---- INFORMATION GIVEN

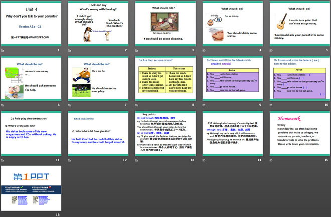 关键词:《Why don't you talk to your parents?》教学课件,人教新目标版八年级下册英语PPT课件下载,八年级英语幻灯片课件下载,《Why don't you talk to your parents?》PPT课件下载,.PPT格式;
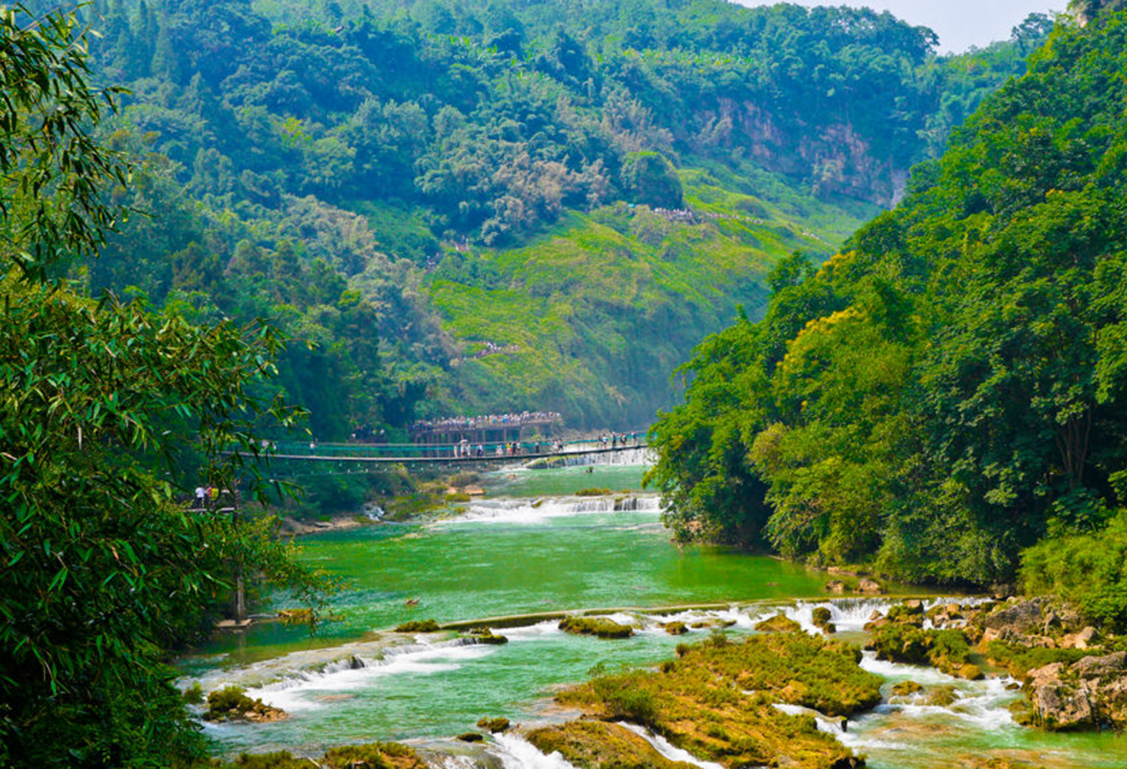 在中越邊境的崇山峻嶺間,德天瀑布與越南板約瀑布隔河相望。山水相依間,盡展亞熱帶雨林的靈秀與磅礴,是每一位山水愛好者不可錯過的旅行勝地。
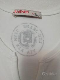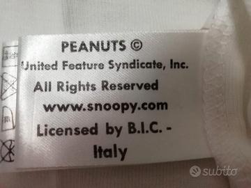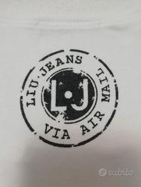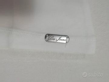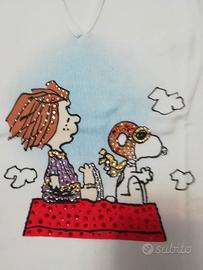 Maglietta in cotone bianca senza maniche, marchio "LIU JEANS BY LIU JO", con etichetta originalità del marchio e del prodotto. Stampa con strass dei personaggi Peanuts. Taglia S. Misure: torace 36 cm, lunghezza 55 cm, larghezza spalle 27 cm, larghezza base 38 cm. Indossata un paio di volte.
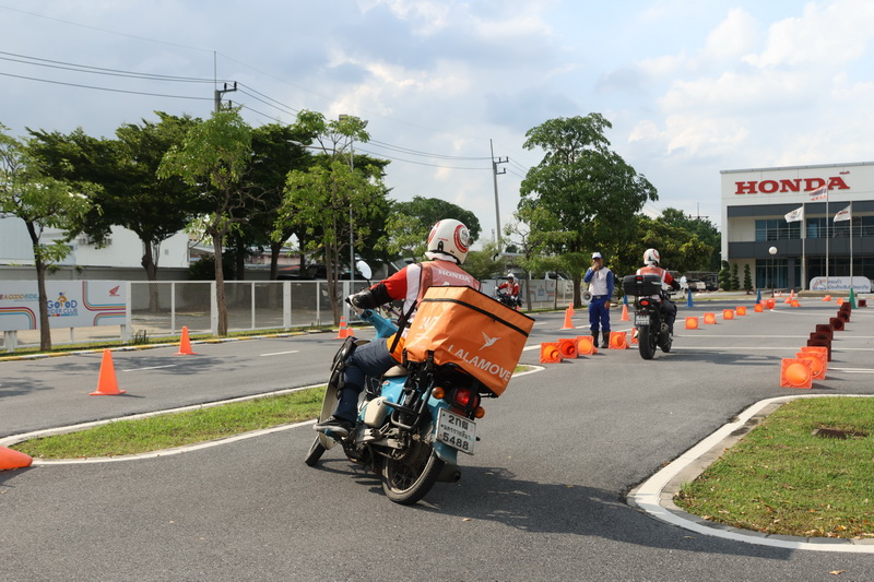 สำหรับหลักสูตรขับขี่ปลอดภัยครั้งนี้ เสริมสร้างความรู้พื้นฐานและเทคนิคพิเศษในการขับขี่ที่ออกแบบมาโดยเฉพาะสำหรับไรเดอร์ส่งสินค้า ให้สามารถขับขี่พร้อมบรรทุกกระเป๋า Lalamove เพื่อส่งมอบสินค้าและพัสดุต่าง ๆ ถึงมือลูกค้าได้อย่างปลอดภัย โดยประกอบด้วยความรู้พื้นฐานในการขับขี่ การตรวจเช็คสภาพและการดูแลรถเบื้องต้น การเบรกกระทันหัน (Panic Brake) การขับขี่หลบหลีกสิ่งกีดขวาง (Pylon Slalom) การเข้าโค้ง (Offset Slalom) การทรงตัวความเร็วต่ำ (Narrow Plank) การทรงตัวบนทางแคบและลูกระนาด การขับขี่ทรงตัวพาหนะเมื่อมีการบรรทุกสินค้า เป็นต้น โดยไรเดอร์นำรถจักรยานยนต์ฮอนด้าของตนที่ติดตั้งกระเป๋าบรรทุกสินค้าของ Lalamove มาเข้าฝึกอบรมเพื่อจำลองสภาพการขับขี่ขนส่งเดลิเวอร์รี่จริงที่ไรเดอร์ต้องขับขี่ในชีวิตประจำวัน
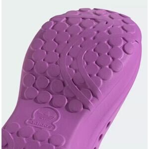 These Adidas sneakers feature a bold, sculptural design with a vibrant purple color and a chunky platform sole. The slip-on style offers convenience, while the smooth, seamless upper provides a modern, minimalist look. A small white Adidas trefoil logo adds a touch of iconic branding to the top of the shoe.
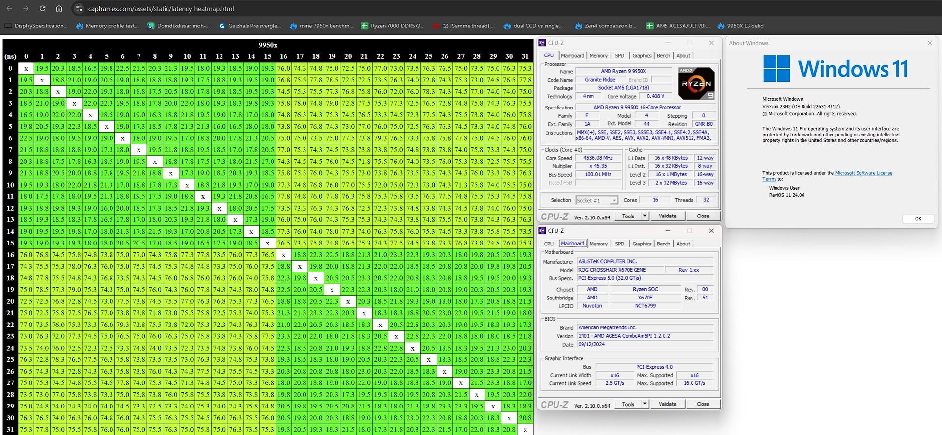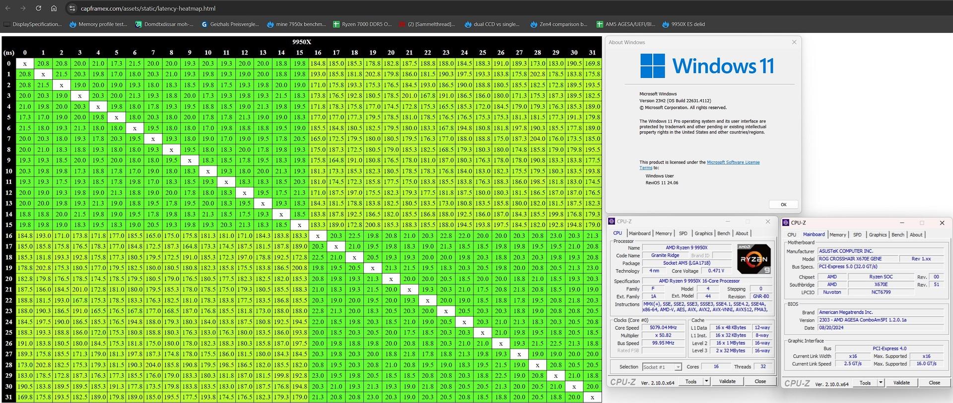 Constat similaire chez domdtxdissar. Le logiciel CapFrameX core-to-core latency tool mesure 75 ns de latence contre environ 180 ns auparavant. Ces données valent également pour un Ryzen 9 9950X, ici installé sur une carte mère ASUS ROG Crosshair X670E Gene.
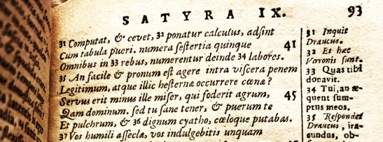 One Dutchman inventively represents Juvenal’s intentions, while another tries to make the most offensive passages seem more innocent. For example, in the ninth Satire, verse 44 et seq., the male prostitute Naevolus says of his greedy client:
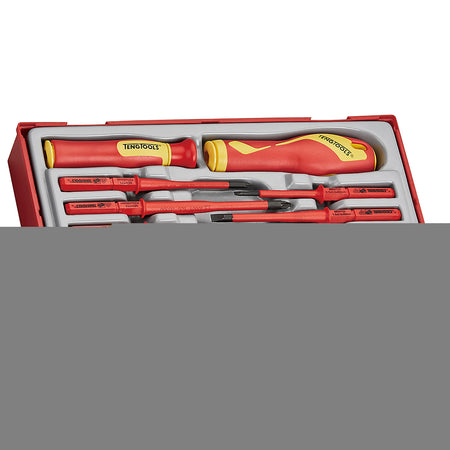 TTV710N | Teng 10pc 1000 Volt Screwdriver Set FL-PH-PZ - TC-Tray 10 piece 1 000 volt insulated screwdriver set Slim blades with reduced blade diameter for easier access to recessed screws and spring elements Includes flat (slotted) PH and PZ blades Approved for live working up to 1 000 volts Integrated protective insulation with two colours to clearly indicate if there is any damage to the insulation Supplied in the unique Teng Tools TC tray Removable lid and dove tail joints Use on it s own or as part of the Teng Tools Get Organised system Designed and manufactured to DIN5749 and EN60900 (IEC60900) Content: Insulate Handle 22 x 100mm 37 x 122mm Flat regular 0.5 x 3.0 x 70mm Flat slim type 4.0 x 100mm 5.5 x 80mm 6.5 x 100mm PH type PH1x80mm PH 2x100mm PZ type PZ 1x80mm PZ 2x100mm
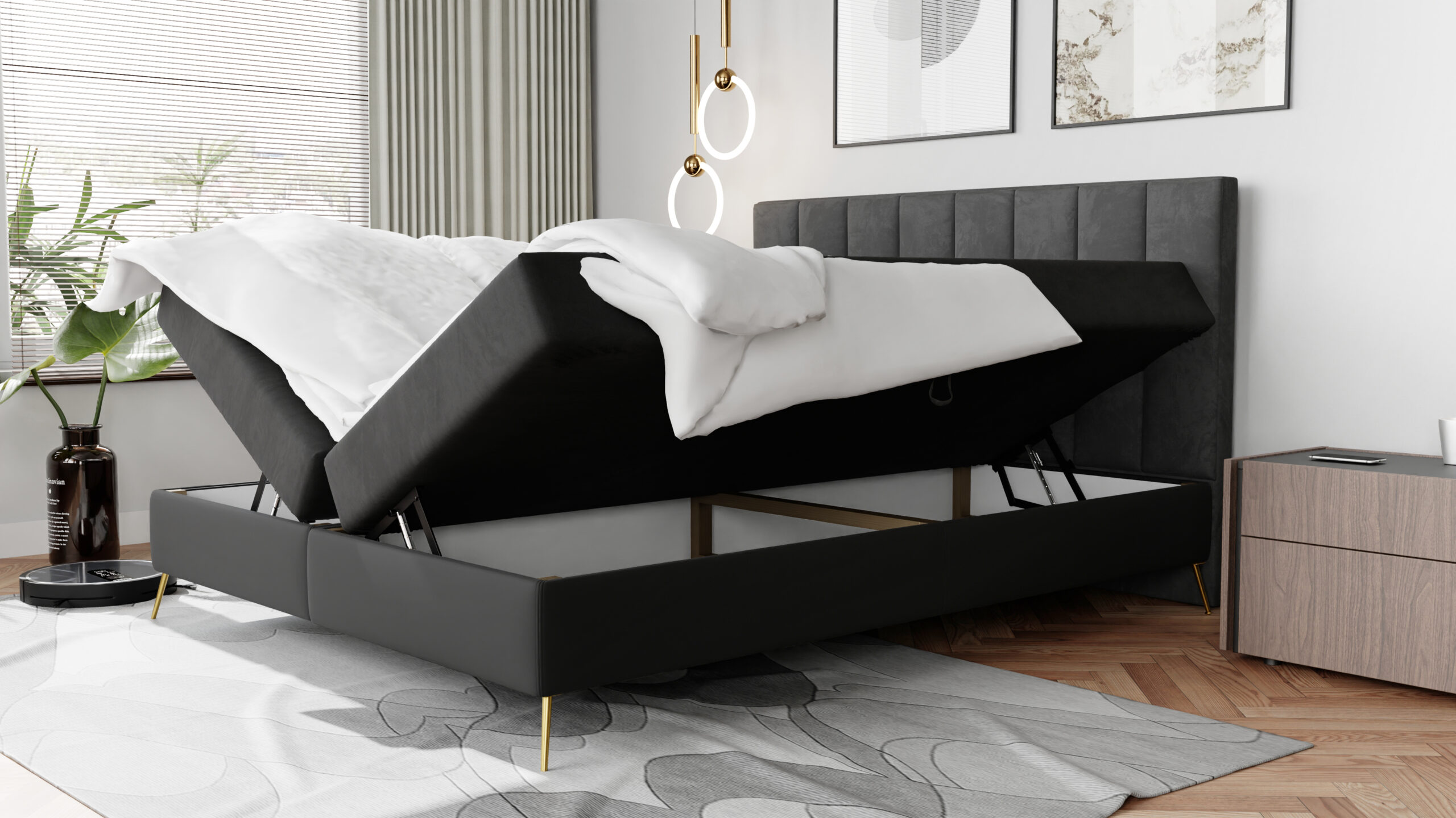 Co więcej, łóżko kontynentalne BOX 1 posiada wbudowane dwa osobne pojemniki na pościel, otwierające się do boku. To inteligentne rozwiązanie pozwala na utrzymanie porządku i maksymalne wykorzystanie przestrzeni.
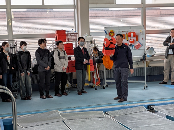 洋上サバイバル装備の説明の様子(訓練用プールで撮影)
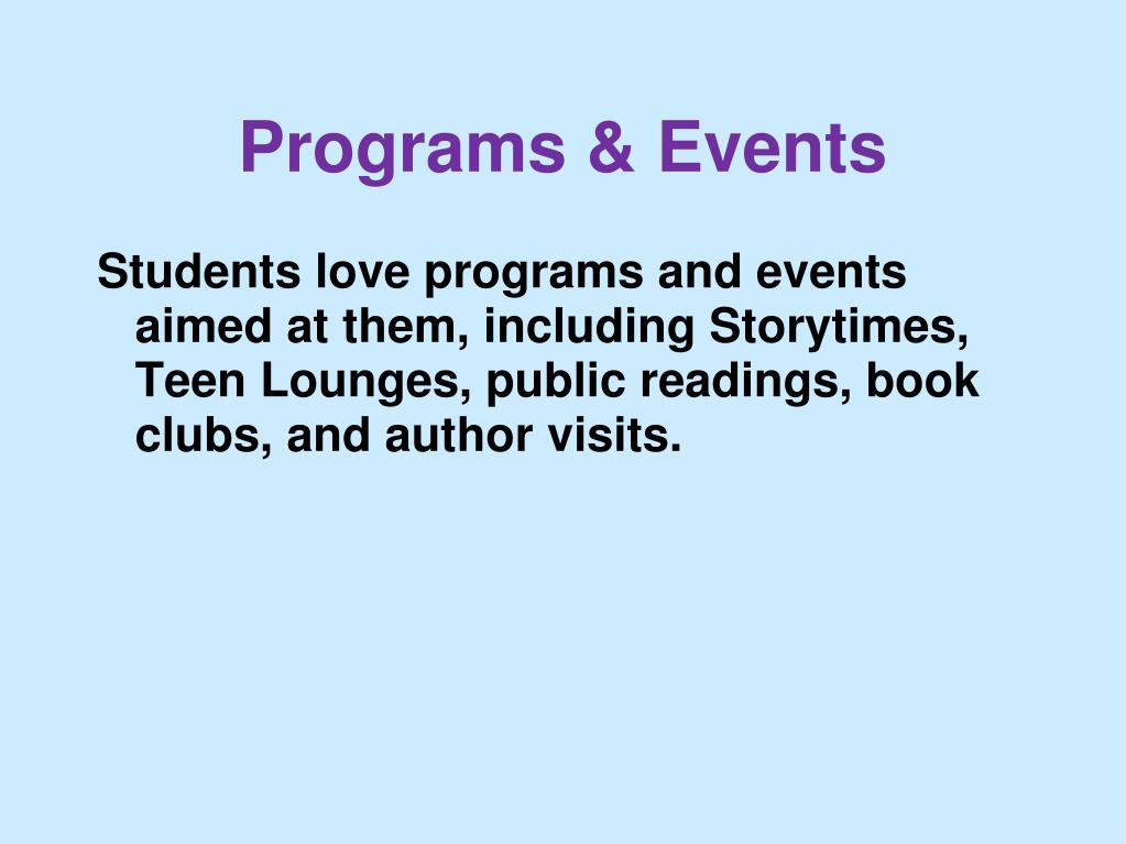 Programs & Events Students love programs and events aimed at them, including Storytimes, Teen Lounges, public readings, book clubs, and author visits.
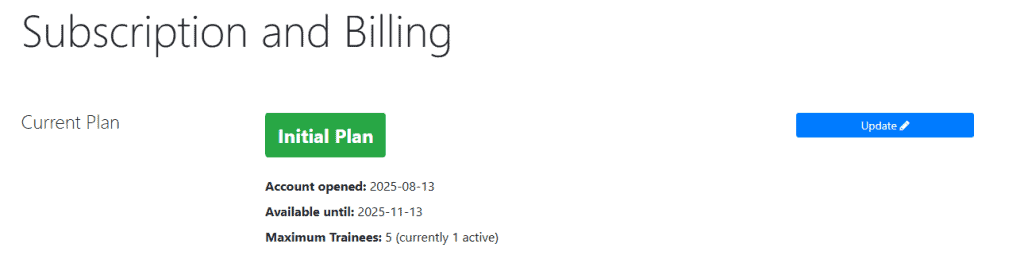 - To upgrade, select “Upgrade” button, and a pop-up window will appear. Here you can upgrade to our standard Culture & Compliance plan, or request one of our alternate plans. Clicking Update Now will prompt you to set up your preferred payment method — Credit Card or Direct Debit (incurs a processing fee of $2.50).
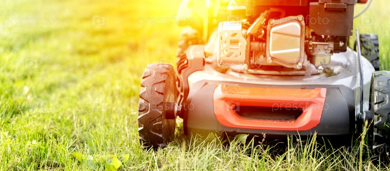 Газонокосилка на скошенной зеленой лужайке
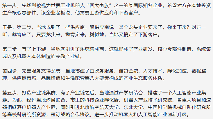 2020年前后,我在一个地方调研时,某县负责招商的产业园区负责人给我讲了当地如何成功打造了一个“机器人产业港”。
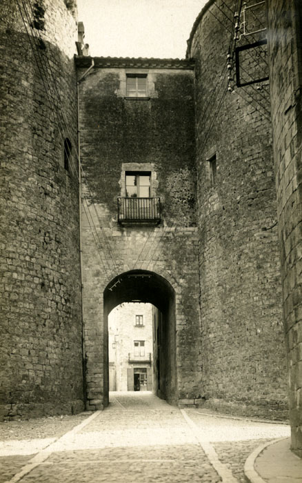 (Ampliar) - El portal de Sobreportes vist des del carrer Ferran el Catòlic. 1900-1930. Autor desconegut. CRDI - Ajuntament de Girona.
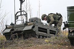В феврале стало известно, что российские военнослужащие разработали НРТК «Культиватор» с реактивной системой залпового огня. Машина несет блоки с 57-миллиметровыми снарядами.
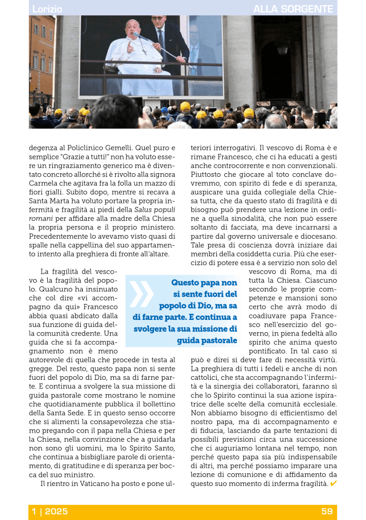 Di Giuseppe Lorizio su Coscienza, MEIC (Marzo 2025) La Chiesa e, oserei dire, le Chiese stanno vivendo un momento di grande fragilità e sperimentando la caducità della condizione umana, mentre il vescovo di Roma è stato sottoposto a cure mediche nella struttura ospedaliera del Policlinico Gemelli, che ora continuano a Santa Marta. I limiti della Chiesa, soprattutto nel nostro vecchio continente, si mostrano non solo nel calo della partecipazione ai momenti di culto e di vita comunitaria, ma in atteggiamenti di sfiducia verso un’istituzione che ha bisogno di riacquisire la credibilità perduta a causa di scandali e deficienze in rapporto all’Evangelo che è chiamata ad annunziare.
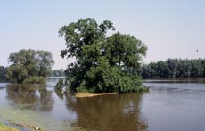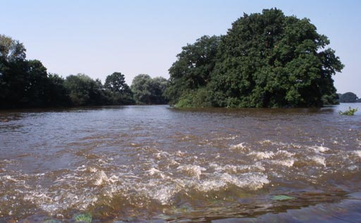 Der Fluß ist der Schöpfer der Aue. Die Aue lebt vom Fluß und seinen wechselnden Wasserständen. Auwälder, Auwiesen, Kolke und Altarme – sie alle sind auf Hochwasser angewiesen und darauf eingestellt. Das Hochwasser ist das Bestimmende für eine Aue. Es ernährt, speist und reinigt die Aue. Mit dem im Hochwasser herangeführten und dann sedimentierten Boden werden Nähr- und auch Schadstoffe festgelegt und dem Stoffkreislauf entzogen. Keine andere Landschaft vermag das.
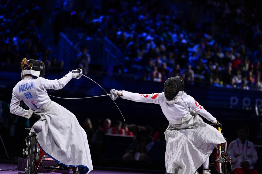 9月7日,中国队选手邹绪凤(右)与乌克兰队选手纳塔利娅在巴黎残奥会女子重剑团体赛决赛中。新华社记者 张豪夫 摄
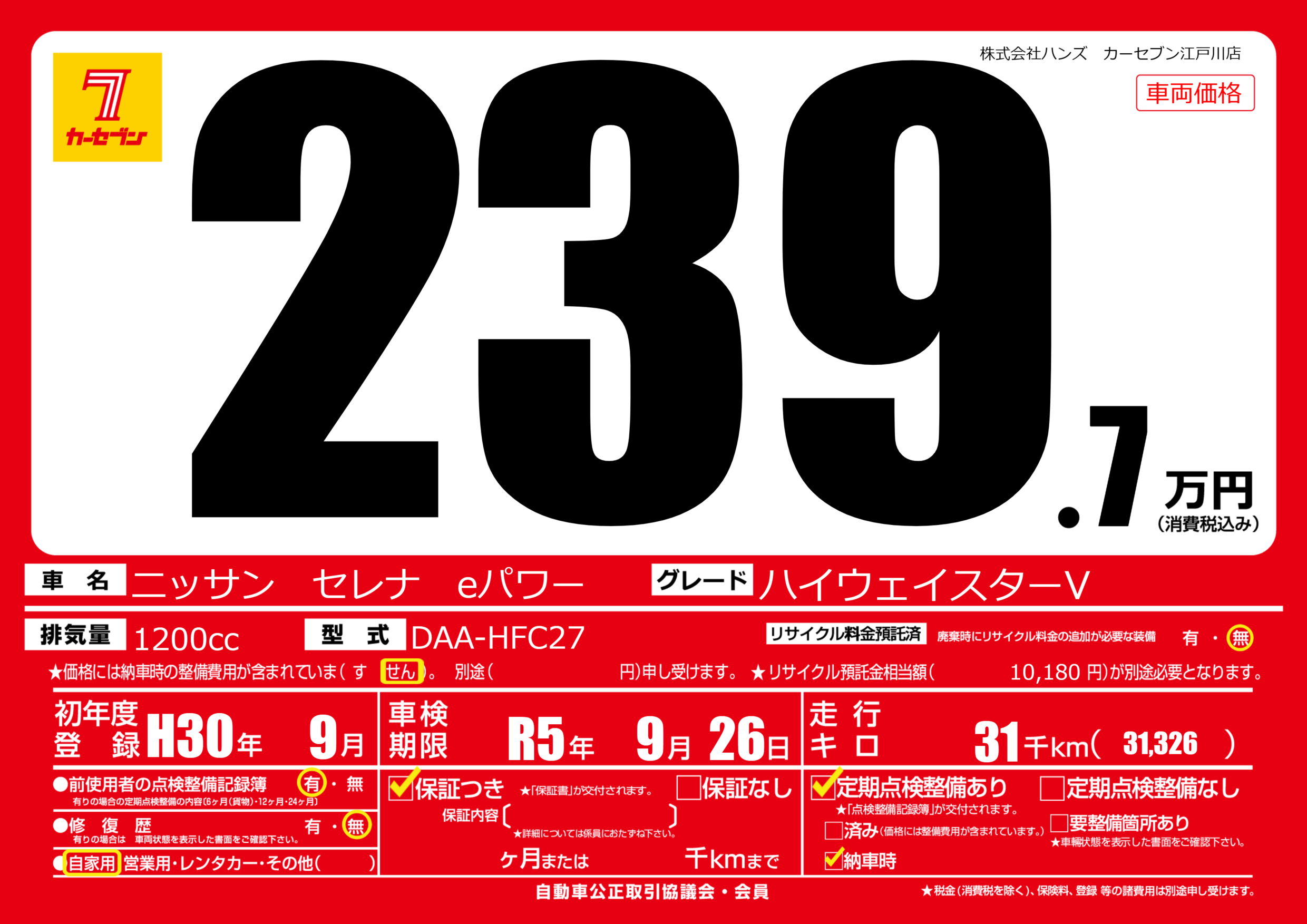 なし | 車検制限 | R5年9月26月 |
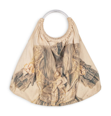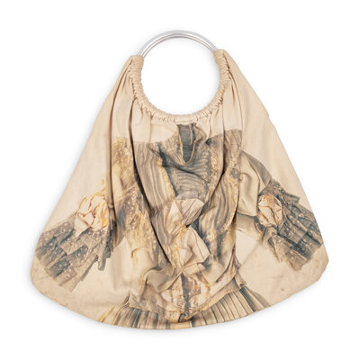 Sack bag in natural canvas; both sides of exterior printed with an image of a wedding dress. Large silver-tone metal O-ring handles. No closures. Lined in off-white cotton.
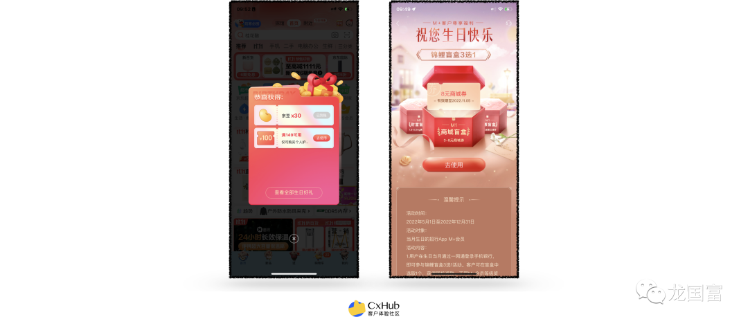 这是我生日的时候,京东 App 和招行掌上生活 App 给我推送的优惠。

--------

» WORK INSTRUCTIONS
Every line above in the stretch from the one with "(Ampliar) - El" through the one with "Di Giuseppe Lorizio" is to be transcribed exactly, ends included. No picture is copied.

» OUTPUT OF THE TASK
 (Ampliar) - El portal de Sobreportes vist des del carrer Ferran el Catòlic. 1900-1930. Autor desconegut. CRDI - Ajuntament de Girona.
В феврале стало известно, что российские военнослужащие разработали НРТК «Культиватор» с реактивной системой залпового огня. Машина несет блоки с 57-миллиметровыми снарядами.
 Di Giuseppe Lorizio su Coscienza, MEIC (Marzo 2025) La Chiesa e, oserei dire, le Chiese stanno vivendo un momento di grande fragilità e sperimentando la caducità della condizione umana, mentre il vescovo di Roma è stato sottoposto a cure mediche nella struttura ospedaliera del Policlinico Gemelli, che ora continuano a Santa Marta. I limiti della Chiesa, soprattutto nel nostro vecchio continente, si mostrano non solo nel calo della partecipazione ai momenti di culto e di vita comunitaria, ma in atteggiamenti di sfiducia verso un’istituzione che ha bisogno di riacquisire la credibilità perduta a causa di scandali e deficienze in rapporto all’Evangelo che è chiamata ad annunziare.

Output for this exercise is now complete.